■ **Task directions**: Below are the entries. Print only the lines starting at the one with "American industrialist, billionaire, and" and ending at the one with "今年是抗日战争暨世界反法西斯", exactly, with no pictures.

══════════

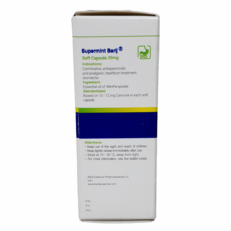 کپسول نرم سوپرمینت 20 میلی گرم باریج اسانس بسته 30 عددی
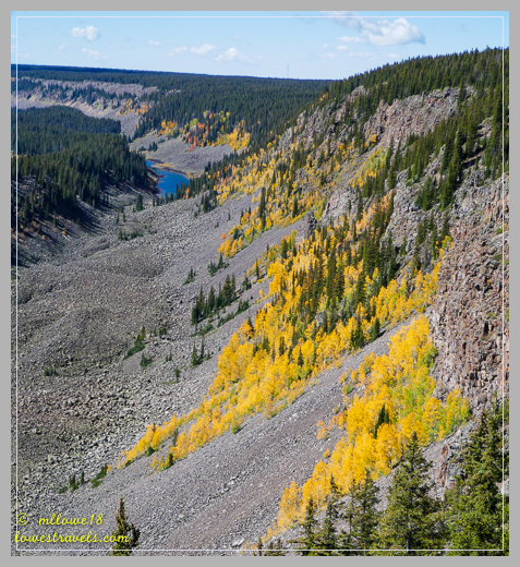 That is a huge mesa! So sorry you got shut out on the full loop trail and even sorrier it was because of the problem for the trees but what you did was quite a trek starting at over 10000 feet. That first forest opening is beautiful. You have more great phone apps than anyone I know. What fun to have the peaks identified for you. I’m amazed at the lakes and those golden views. Love your positive attitude about a wrong turn. You definitely got the fall color. It hasn’t happened here yet. Global Warming is giving us 90 degree temps in October. Previously unheard of.
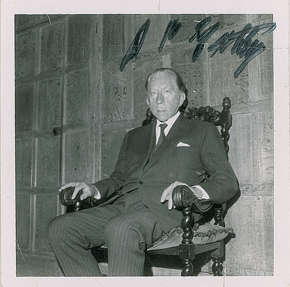 American industrialist, billionaire, and patriarch of the Getty family (1892-1976) who at one time was considered the world's richest private citizen. Glossy 3.5 x 3.5 photo of J. Paul Getty seated in a large wooden chair, signed in black felt tip, "J. P. Getty." In very good condition, with a paperclip impression to the top edge, and several creases, one passing horizontally through the signature.
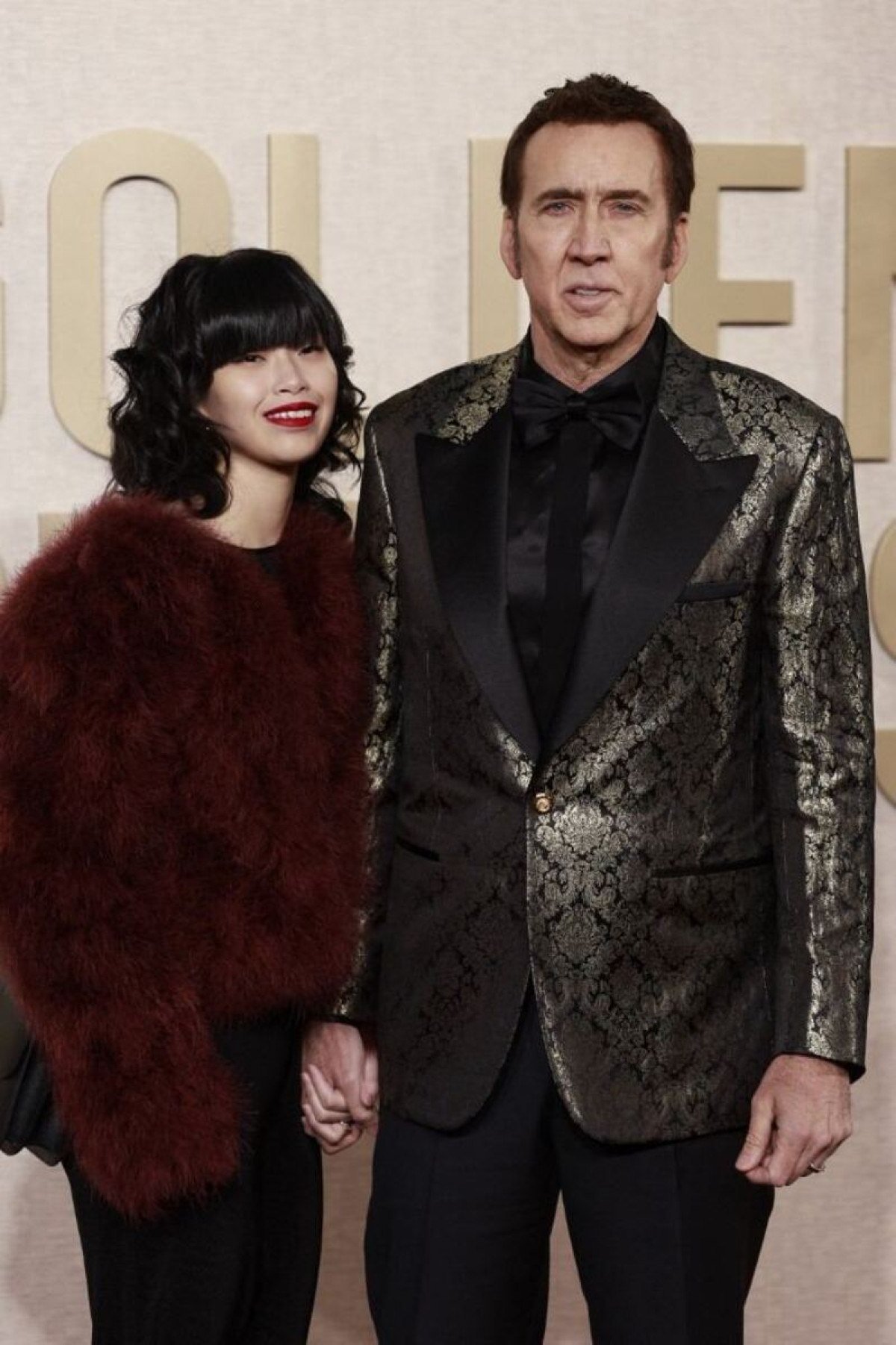 Nicolas Cage e Riko Shibata no tapete vermelho do 81º Globo de Ouro
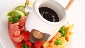 Dans un caquelon à fondue, fais fondre les chocolats et la crème pour obtenir un mélange bien lisse.
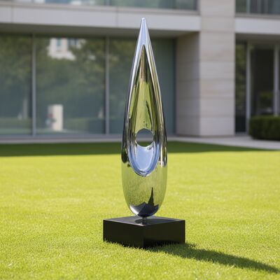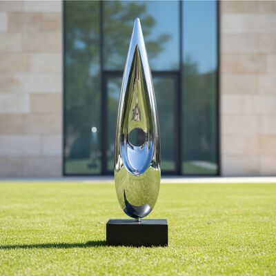 • Base: A sleek black granite plinth elevates the sculpture, creating a clean line between the art and the landscape. The dark stone grounds the piece, preventing it from feeling top-heavy.
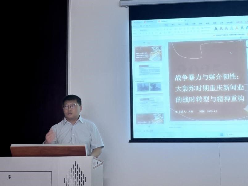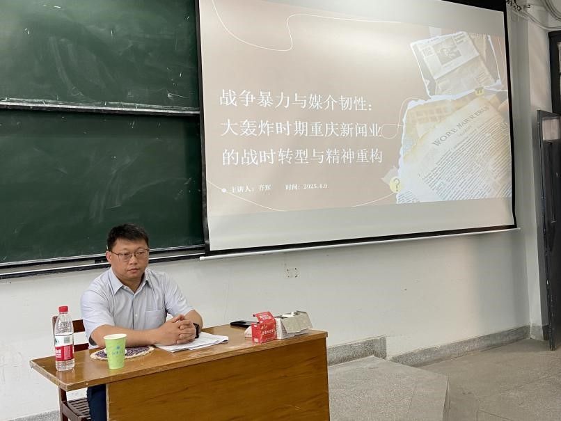 今年是抗日战争暨世界反法西斯战争胜利80周年,近日齐辉教授应湖北省社会科学院、江汉大学人文学院邀请,以“战争暴力与媒介韧性:大轰炸时期重庆新闻业的战时转型与精神重构”为题,在两地开展专题讲座与学术交流活动。讲座通过详实的历史回溯与深刻的理论剖析,揭示了抗战时期重庆新闻业在极端环境下的生存智慧与精神力量。
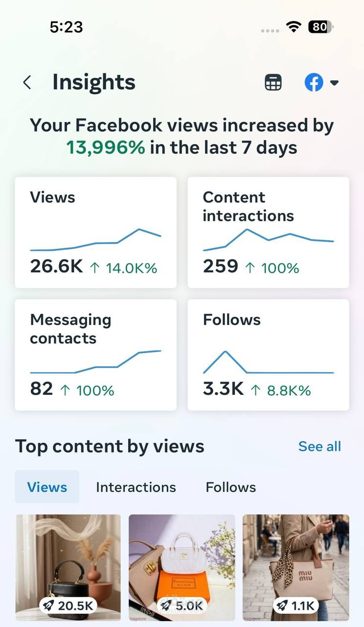 راند شنط نسائية ناشئ، عملنا على تطوير حضوره الرقمي وبناء الوعي بالعلامة التجارية على منصات السوشيال ميديا. تم التركيز على زيادة Reach الصفحة وتحسين وصول المحتوى للجمهور المستهدف، بالإضافة إلى إدارة وتشغيل حملات إعلانية (Sales Campaigns) على فيسبوك وإنستجرام.
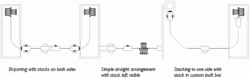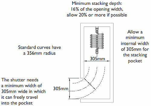 A partition for the shutter to stack into needs to be a certain width. If you want to curve the stack (for example in a 90 degree angle), you must allow a minimum internal partition width of 305mm. If you plan to stack the curtain in the same line as the shutter, the minimum internal partition width needs to be 228mm.
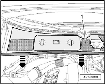 - Remove cover for electronics box in plenum chamber - arrows -.
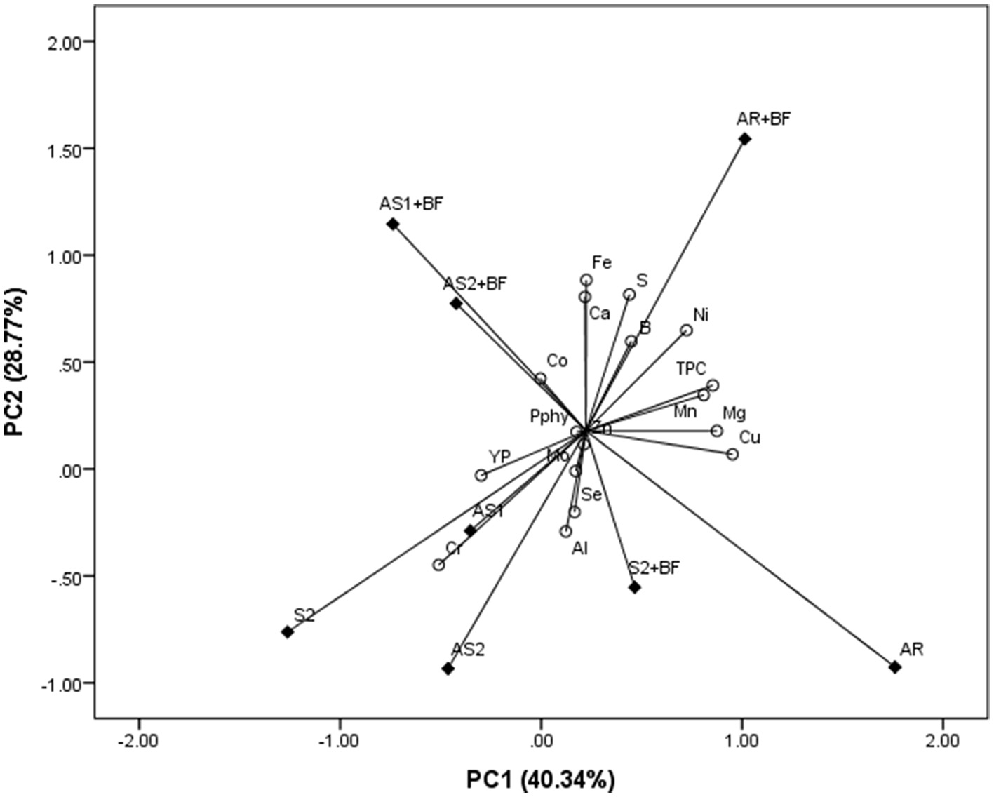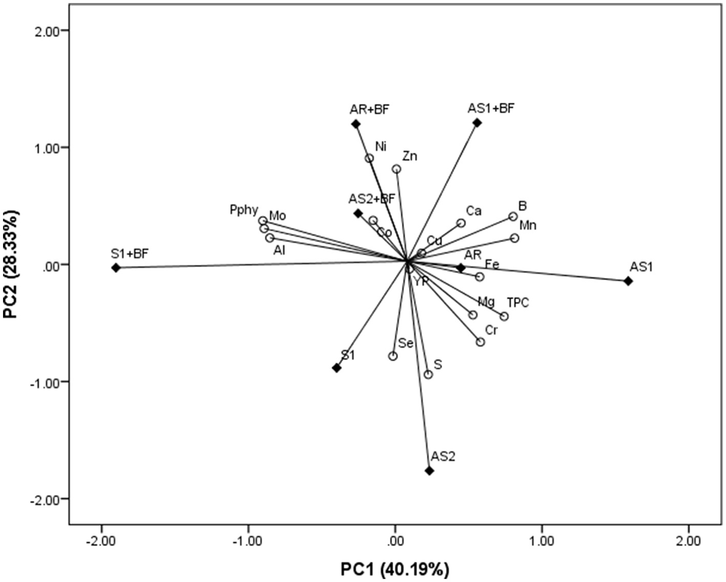 The obtained results were processed using analysis of variance (ANOVA). Means were tested by Fisher's least significant difference (LSD) at the significance level of p < 0.05. The molar ratios between phytic acid (PA) and essential elements (PA/Mg, PA/Ca, PA/Fe, and PA/Zn) were presented as a mean ± standard deviation (SD). Principal component analysis (PCA) was used to assess the interdependence among intercrop combinations and BF regarding grain composition, i.e., concentrations of Pphy, TPC, YP, and examined elements, using SPSS 15.0 (SPSS Inc., Chicago, IL) for Windows (36).
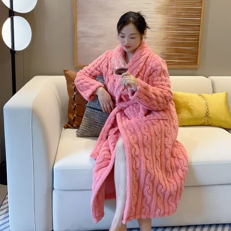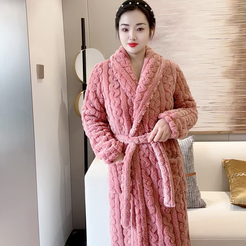 여성용 잠옷 가을, 겨울 플란넬 두꺼운 커플 산호 벨벳 잠옷 겨울 플러스 벨벳 새로운 목욕 가운 남성용 목욕 가운
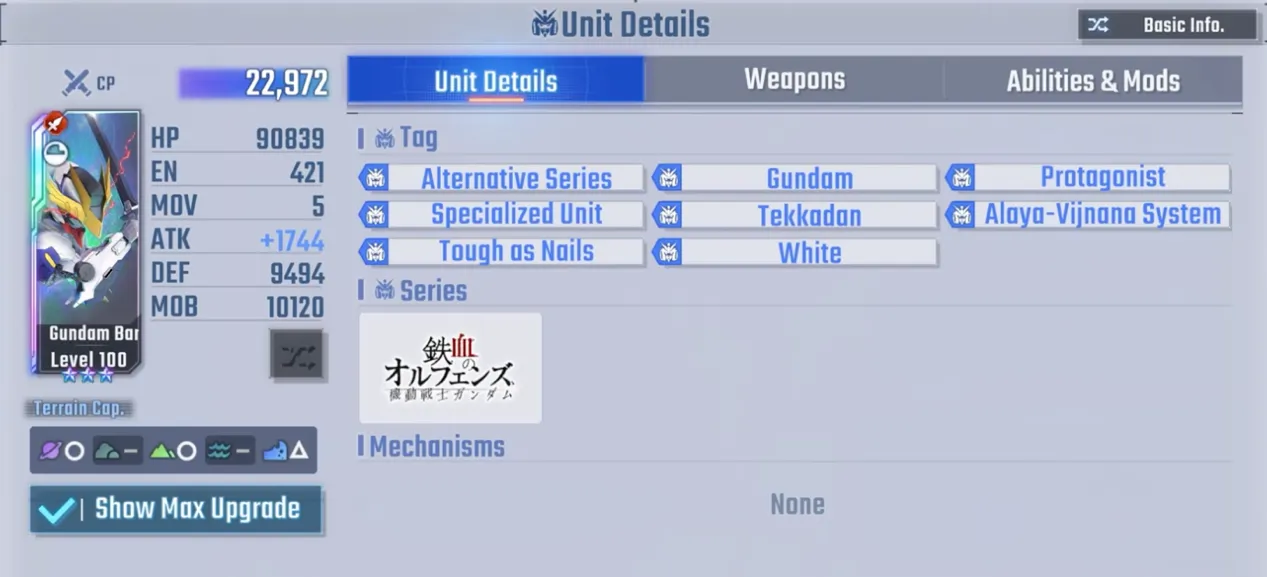 彼の基本近接ステータスは 880 で、ゲーム内でトップの近接パイロットの一人に数えられます。
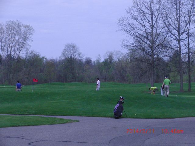 | 練習グリーンが閉鎖されているので、18番ホールのグリーンで練習を。 | |
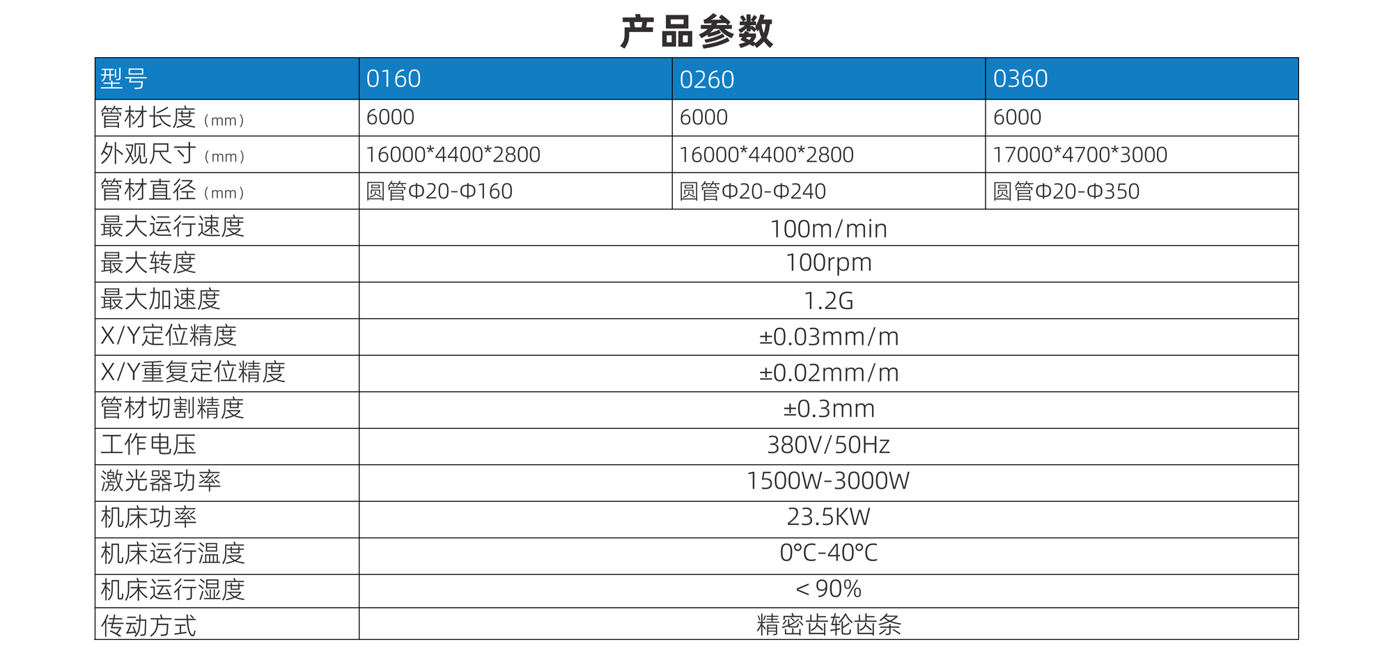 管材直徑(mm) 圓管Φ20-Φ160 圓管Φ20-Φ240 圓管Φ20-Φ350
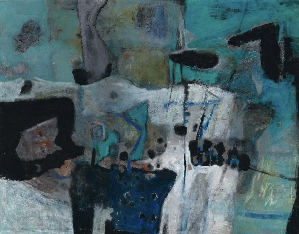 This work in teal tones is an emotional journey. The interweaving of blocks of color has a calm appearance, yet contains deep fluctuations, like a tangle in order. The stacking of each layer of color and the direction of the brushstrokes describe memory as a familiar yet unfamiliar forest, tightly surrounding the shackles of daily life, sometimes extending outwards, like an impulse to break free, but always restrained by the inner heart. is bound by order.

══════════

■ **Answer to this exercise**:
 American industrialist, billionaire, and patriarch of the Getty family (1892-1976) who at one time was considered the world's richest private citizen. Glossy 3.5 x 3.5 photo of J. Paul Getty seated in a large wooden chair, signed in black felt tip, "J. P. Getty." In very good condition, with a paperclip impression to the top edge, and several creases, one passing horizontally through the signature.
 Nicolas Cage e Riko Shibata no tapete vermelho do 81º Globo de Ouro
 Dans un caquelon à fondue, fais fondre les chocolats et la crème pour obtenir un mélange bien lisse.
 • Base: A sleek black granite plinth elevates the sculpture, creating a clean line between the art and the landscape. The dark stone grounds the piece, preventing it from feeling top-heavy.
 今年是抗日战争暨世界反法西斯战争胜利80周年,近日齐辉教授应湖北省社会科学院、江汉大学人文学院邀请,以“战争暴力与媒介韧性:大轰炸时期重庆新闻业的战时转型与精神重构”为题,在两地开展专题讲座与学术交流活动。讲座通过详实的历史回溯与深刻的理论剖析,揭示了抗战时期重庆新闻业在极端环境下的生存智慧与精神力量。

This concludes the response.